Autoregressive generation

LLMs generate text one token at a time, left to right. Each new token is conditioned on all previous tokens:

P(token_5 | token_1, token_2, token_3, token_4)

The model cannot "go back" and change an earlier token. This is why getting the model to reason before answering — via chain-of-thought — improves output quality: it commits earlier tokens to a reasoning path that constrains and improves later tokens.

import openai

client = openai.OpenAI()

# Each call to the API generates one "response" which internally
# generates tokens one at a time via autoregressive decoding
response = client.chat.completions.create(
    model="gpt-4o",
    messages=[{"role": "user", "content": "The capital of France is"}],
    max_tokens=5,
    temperature=0,  # greedy — always picks the highest-probability token
)
print(response.choices[0].message.content)
# Output: " Paris." (deterministic with temperature=0)

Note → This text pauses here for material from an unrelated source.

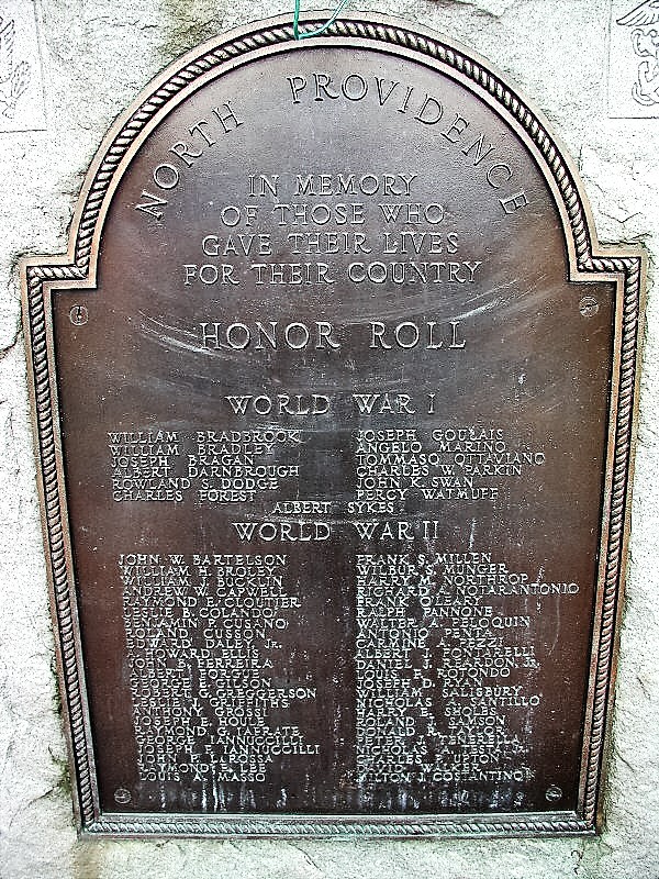 The North Providence war memorial is located at the town hall on Smith Street. It commemorates the men from North Providence who gave their lives in the two World Wars. Two other memorials commemorate those killed in Korea and Vietnam.

The logits-to-token pipeline

After the transformer's final layer, the model produces a logit vector — one raw score per vocabulary token (~200,000 scores for GPT-4o):

[final transformer layer output]
[Linear projection] → 200,000 raw logit scores
[Apply temperature] → scale logits
[Apply top-k / top-p filtering] → zero out low-probability tokens
[Softmax] → probability distribution
[Sample] → one token index
[Decode] → "Paris"

Greedy decoding

Always pick the highest-probability token. Deterministic but boring.

import torch
import torch.nn.functional as F

def greedy_decode(logits: torch.Tensor) -> int:
    return logits.argmax().item()

# The problem with greedy: it gets stuck in repetitive loops
# "The cat sat on the mat. The cat sat on the mat. The cat..."
# Use temperature=0 in APIs for near-greedy behavior

When to use: Extraction tasks, structured output, or when you need determinism in tests.


Temperature

Temperature scales the logits before softmax, controlling how peaked or flat the distribution is.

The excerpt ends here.